PROBLEM TO WORK ON: Below are records with pictures; copy word for word only the lines between the line with "úvodní řeč, korespondence" and the line with "- Ajouter l'extrait", inclusive, and drop the pictures.

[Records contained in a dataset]

+---+

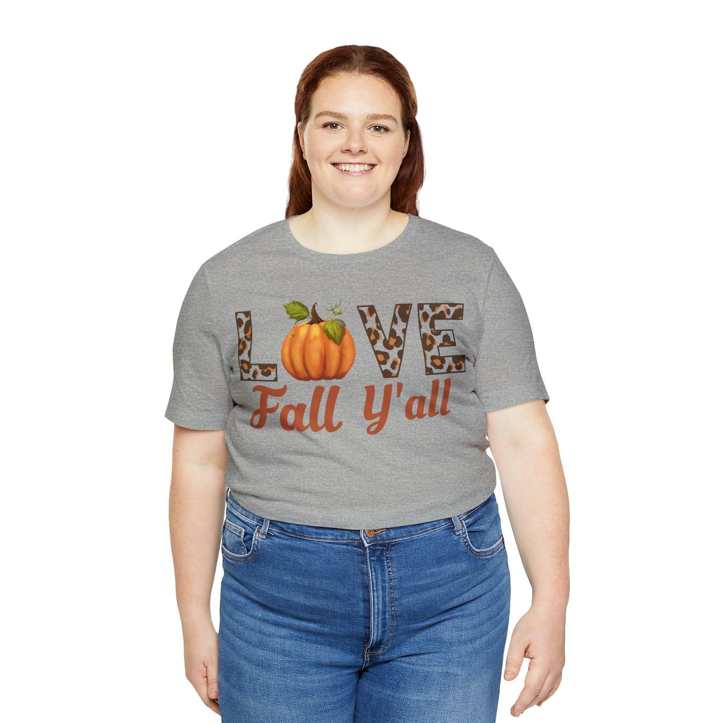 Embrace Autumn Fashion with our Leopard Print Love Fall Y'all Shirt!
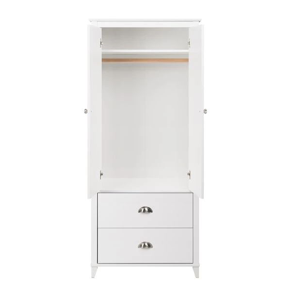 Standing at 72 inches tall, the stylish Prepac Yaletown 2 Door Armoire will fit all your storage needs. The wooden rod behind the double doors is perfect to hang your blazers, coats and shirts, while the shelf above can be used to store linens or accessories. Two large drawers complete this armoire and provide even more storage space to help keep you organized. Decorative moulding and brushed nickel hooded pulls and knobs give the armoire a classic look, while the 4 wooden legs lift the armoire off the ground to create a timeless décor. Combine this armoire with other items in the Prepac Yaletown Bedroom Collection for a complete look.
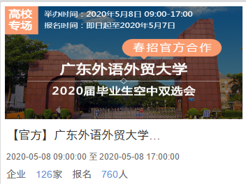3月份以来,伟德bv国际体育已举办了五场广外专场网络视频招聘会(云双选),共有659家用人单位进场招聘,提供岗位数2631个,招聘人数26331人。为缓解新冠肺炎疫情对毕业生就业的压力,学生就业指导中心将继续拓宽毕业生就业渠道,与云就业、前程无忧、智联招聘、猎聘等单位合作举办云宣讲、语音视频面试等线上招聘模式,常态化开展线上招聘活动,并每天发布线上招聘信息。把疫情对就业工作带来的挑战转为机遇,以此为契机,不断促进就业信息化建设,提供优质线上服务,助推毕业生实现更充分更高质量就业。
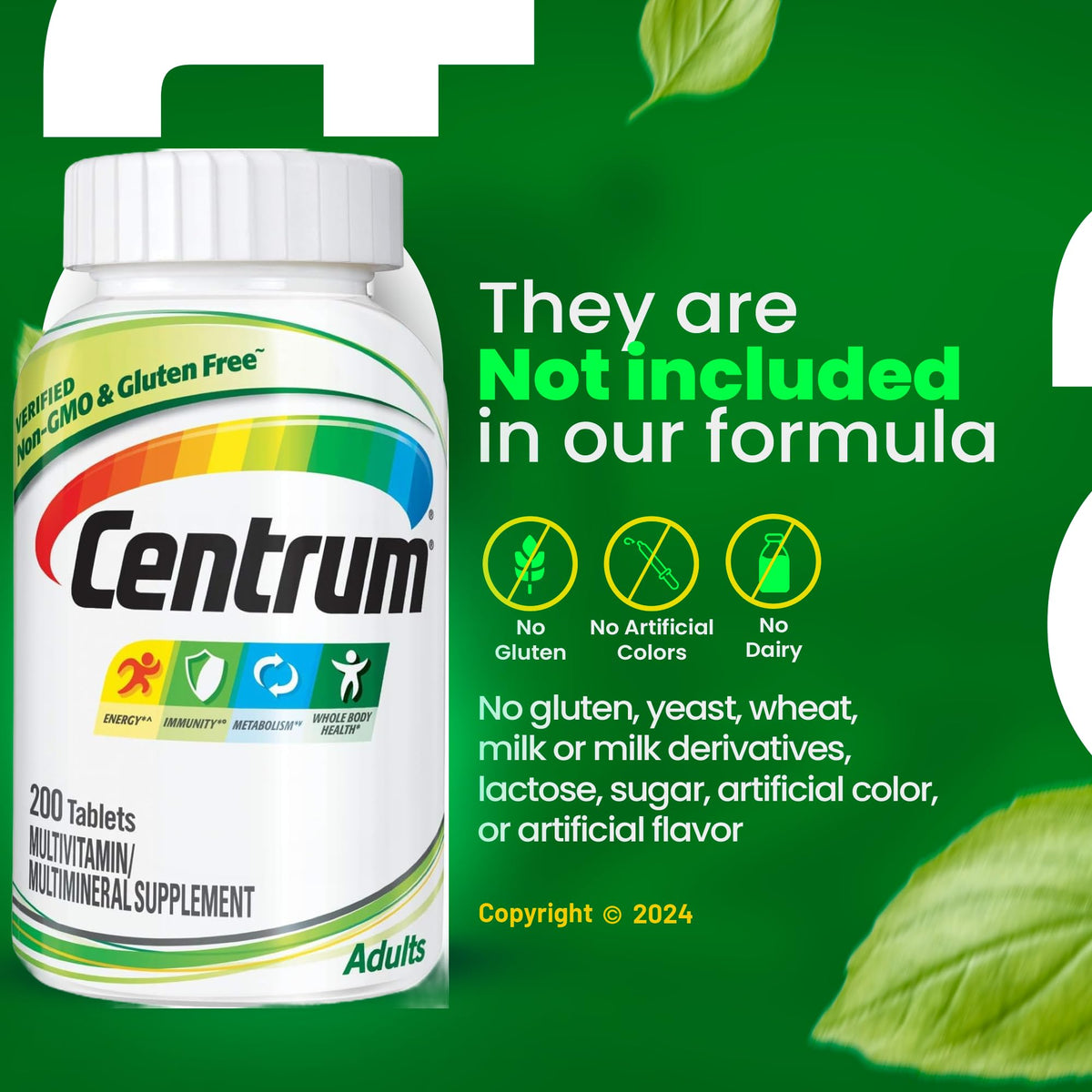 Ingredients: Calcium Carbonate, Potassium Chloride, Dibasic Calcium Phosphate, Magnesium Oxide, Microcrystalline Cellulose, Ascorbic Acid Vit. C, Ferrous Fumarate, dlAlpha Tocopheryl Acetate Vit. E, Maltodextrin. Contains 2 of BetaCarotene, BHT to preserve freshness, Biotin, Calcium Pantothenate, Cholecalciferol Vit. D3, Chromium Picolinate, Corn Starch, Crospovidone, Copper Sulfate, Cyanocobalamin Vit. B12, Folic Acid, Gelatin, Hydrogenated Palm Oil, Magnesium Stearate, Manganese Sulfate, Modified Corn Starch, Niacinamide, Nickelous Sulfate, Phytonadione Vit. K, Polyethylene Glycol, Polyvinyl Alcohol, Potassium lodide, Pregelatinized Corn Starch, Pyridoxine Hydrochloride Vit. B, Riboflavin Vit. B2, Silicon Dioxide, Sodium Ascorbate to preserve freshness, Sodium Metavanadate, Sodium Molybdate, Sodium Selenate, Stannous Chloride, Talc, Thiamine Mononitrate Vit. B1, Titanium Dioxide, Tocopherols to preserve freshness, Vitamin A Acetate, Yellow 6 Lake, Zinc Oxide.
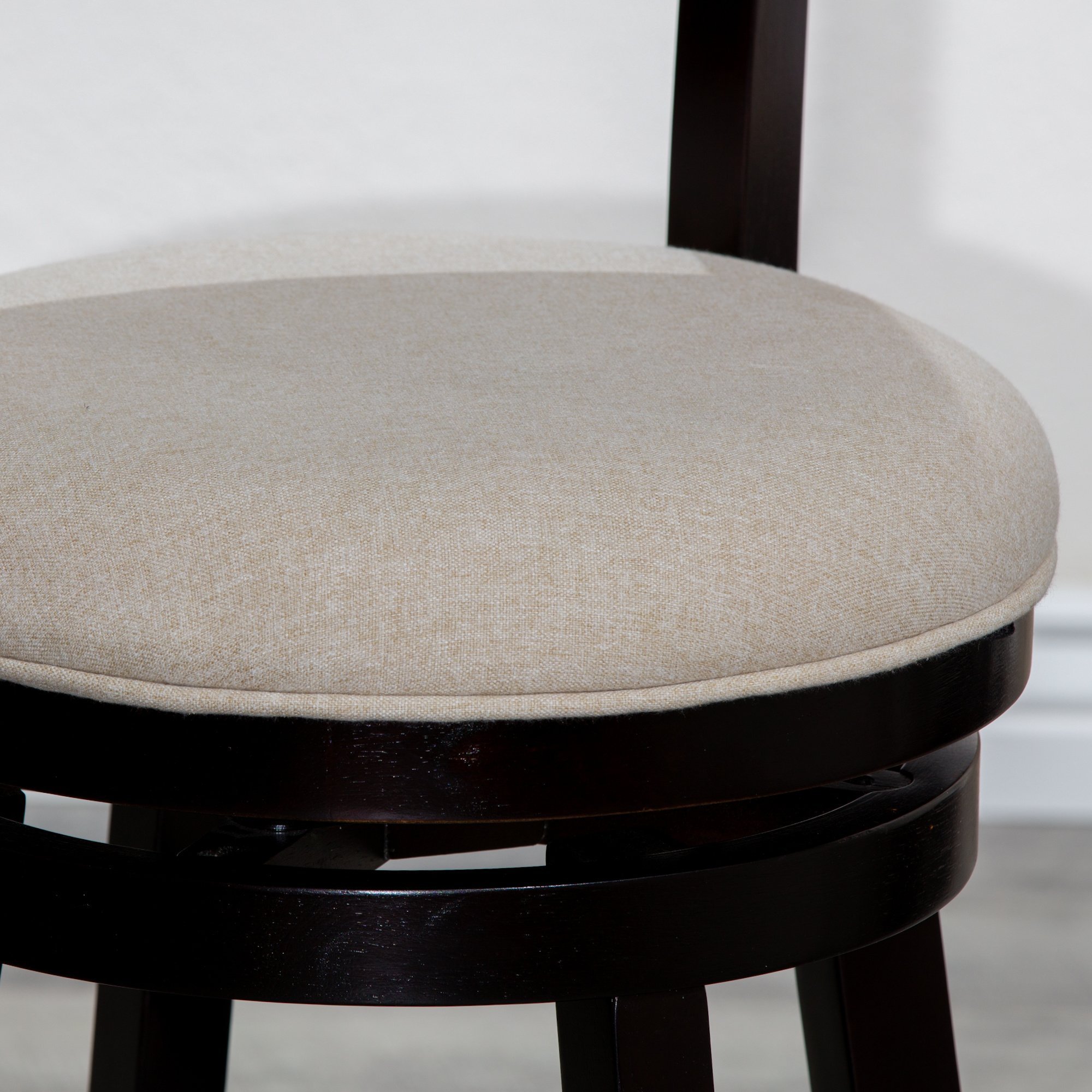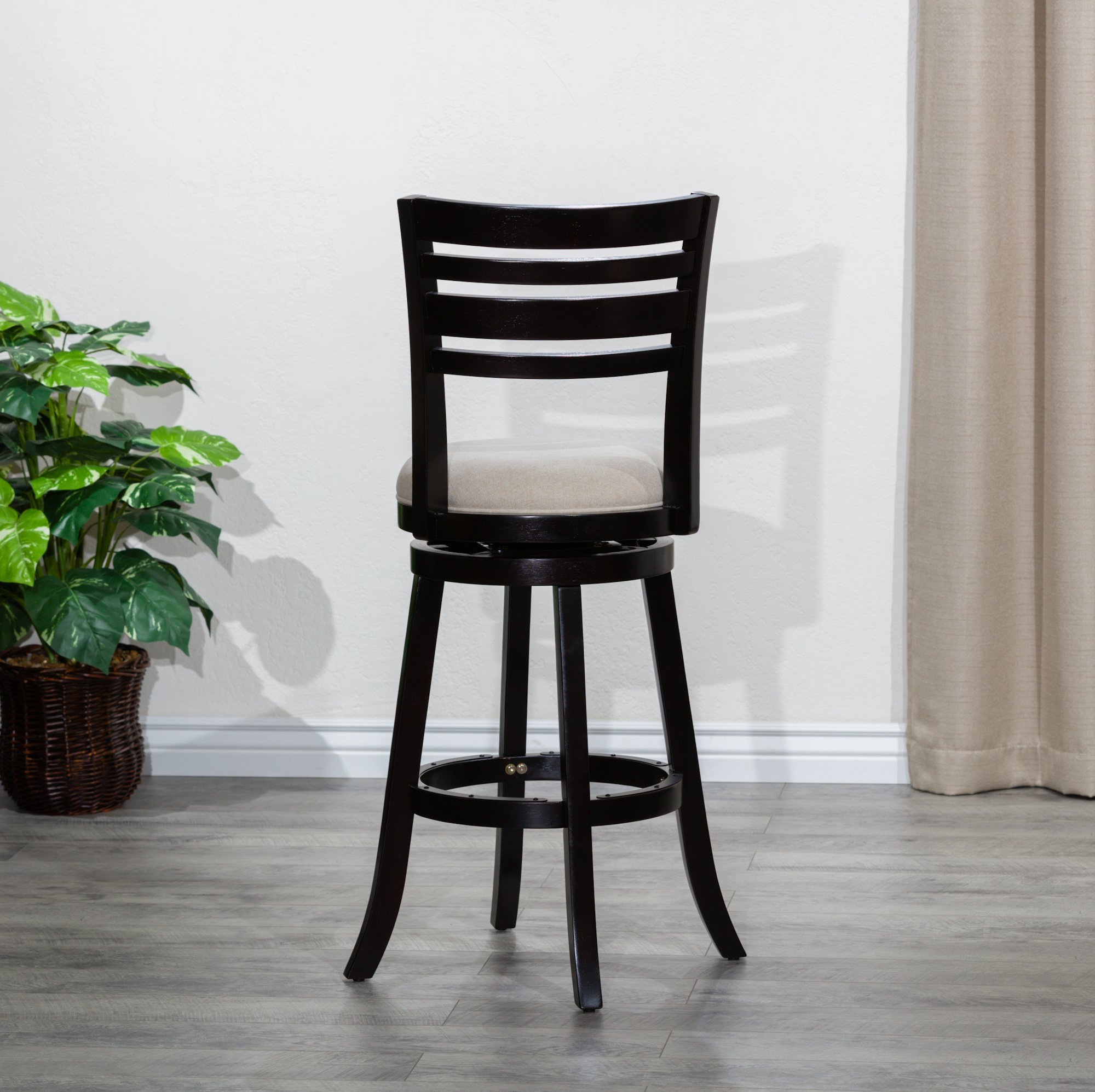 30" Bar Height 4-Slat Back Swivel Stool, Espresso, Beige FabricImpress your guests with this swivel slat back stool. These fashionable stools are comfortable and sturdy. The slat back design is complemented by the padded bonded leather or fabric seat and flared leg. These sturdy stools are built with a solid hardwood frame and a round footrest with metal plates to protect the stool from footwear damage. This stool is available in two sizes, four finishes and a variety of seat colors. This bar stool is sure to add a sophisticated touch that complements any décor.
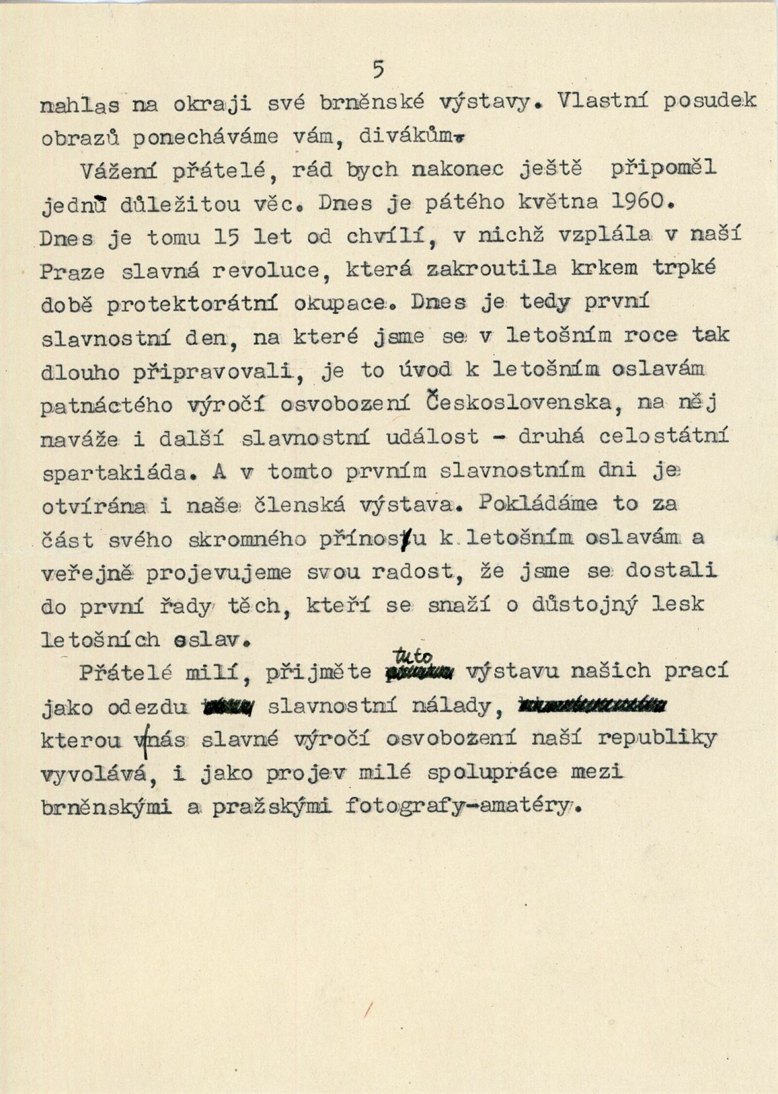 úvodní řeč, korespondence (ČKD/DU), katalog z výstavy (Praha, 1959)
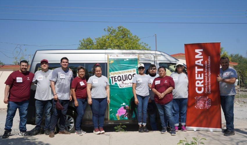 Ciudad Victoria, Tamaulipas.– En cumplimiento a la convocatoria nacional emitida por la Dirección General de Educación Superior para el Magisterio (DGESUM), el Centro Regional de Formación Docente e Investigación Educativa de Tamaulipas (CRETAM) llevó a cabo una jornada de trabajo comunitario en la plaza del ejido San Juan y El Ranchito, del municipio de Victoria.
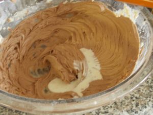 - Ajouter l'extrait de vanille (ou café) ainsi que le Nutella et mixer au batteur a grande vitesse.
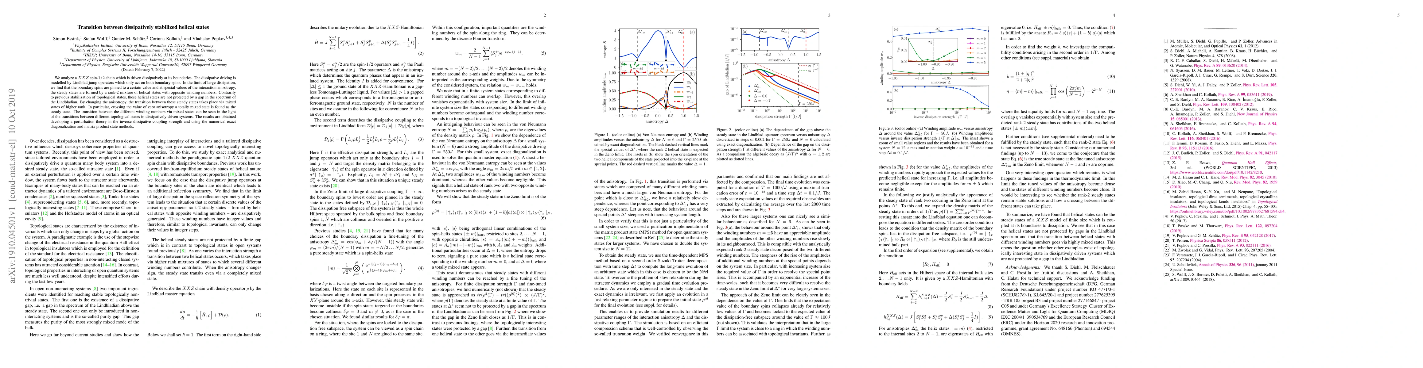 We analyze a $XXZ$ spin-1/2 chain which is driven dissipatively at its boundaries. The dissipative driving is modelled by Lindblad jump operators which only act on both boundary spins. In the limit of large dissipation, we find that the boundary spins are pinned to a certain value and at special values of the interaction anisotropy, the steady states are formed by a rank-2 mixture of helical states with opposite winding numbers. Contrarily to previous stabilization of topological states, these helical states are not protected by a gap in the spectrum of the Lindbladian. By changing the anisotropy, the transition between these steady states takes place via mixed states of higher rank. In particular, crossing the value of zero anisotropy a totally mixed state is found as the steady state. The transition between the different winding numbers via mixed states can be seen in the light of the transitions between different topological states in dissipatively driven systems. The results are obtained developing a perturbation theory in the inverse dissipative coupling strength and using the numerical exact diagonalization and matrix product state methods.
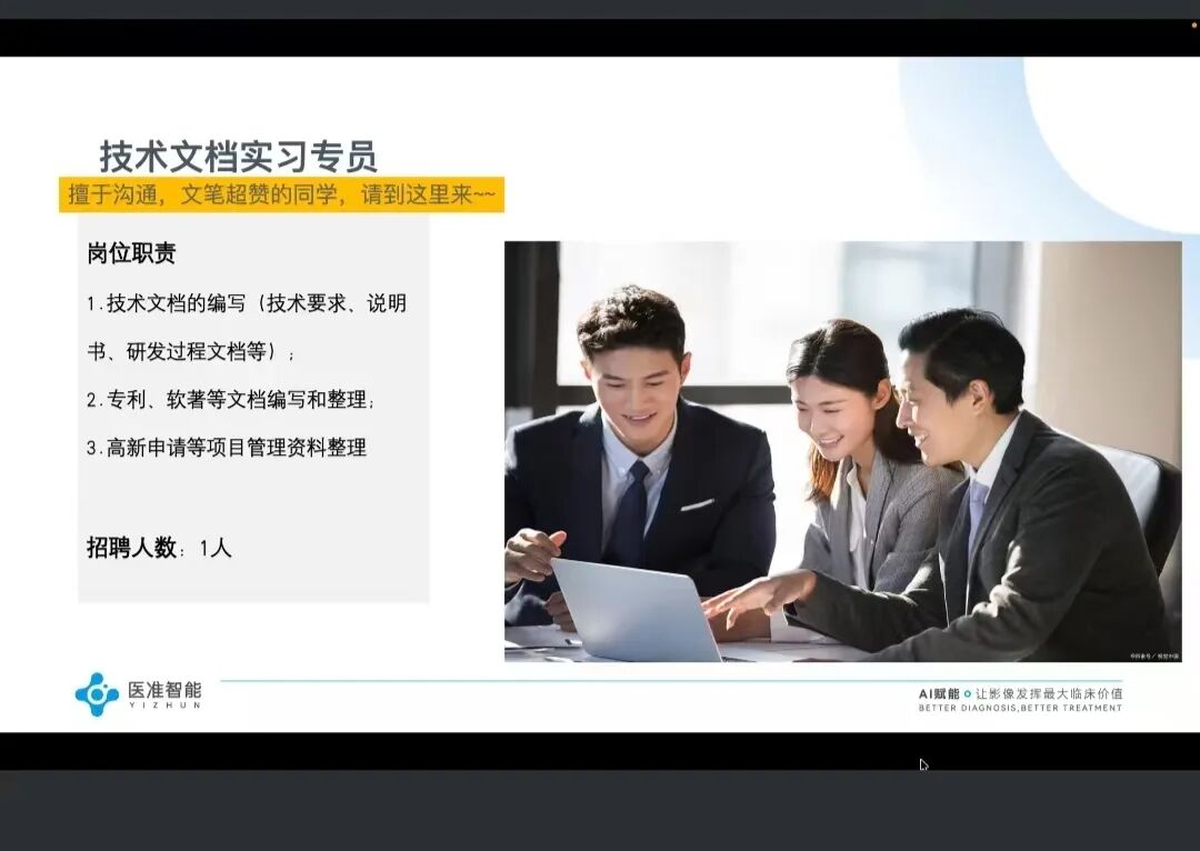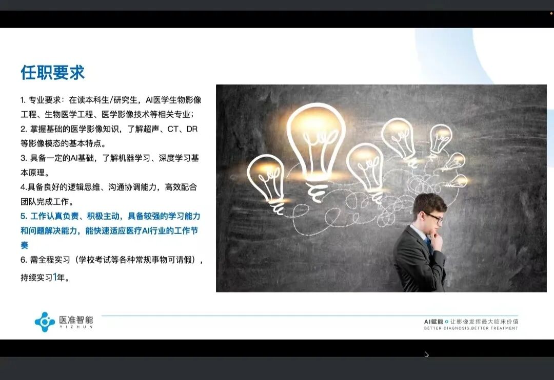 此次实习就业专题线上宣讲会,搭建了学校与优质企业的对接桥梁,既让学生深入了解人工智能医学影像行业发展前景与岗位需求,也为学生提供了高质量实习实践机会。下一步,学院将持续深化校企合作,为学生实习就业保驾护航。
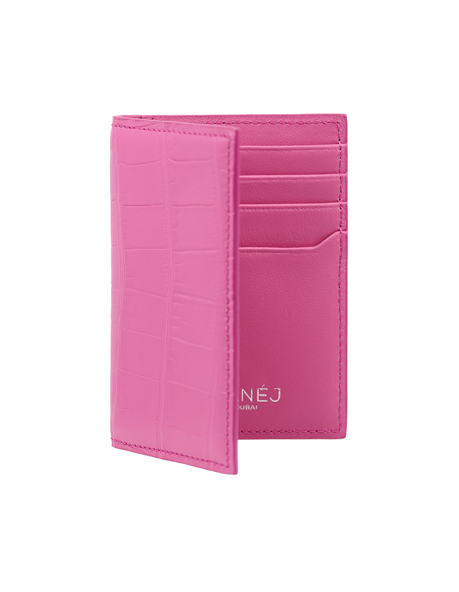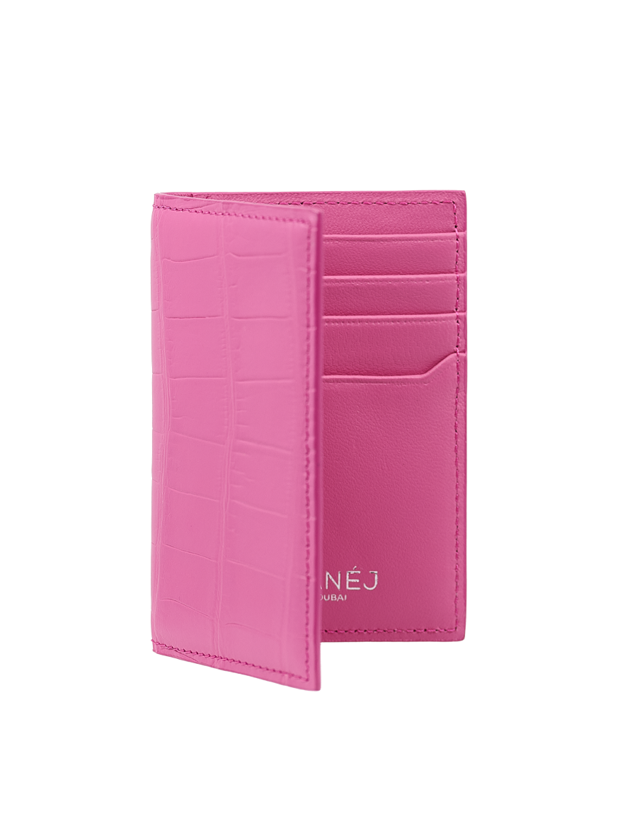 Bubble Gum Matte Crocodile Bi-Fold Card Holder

+---+

REPLY:
 úvodní řeč, korespondence (ČKD/DU), katalog z výstavy (Praha, 1959)
 Ciudad Victoria, Tamaulipas.– En cumplimiento a la convocatoria nacional emitida por la Dirección General de Educación Superior para el Magisterio (DGESUM), el Centro Regional de Formación Docente e Investigación Educativa de Tamaulipas (CRETAM) llevó a cabo una jornada de trabajo comunitario en la plaza del ejido San Juan y El Ranchito, del municipio de Victoria.
 - Ajouter l'extrait de vanille (ou café) ainsi que le Nutella et mixer au batteur a grande vitesse.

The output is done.